Workers: Income mobility
Workers are highly incentivized to participate in a data-driven workforce, but struggle to communicate their skills and find opportunities for advancement. They shared that paid, contextualized learning opportunities were the most valuable and support their goal of income mobility.
Employers: Recruit and retain a skilled workforce in the digital age
Employers want to hire and train staff who can readily apply digital skills alongside core professional skills. Most employers said they want to improve internal training programs for better retention and promotion rates.
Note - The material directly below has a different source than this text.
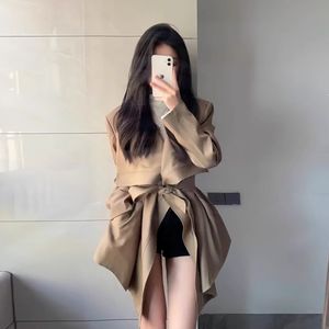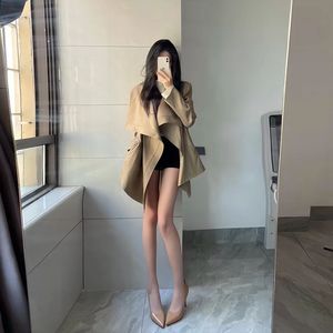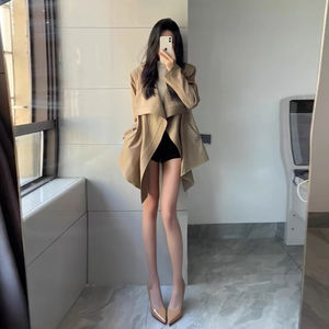 2025春秋中长款学生英伦风衣女小个子落肩设计感西装外套潮

Providers: Program completion and long-term worker success
Education and career service providers want to improve outcomes for learners through increased program retention and completion. They also want to integrate data interoperable systems to better match workers to jobs, track long-term outcomes, and measure participant success, such as increased earnings.
Key takeaway: Involve workers in design and development
Today, leaders in government, education, and industry are exploring ways to use technology to better match talent to employment opportunities. These efforts are promising for frontline workers who are looking to leverage their skills and advance in their careers. But, in order for workers to successfully access and use technologies, they must be part of the design and development.
Involving workers in the development of systems, programs, and technologies to support their advancement is a critical step to ensure racial, gender, and digital equity across frontline sectors. For this reason, Digital Promise recommends that communities engage in the process of Inclusive Innovation to collaborate directly with workers in designing the solutions that meet their needs, alongside employers, educators, and community members.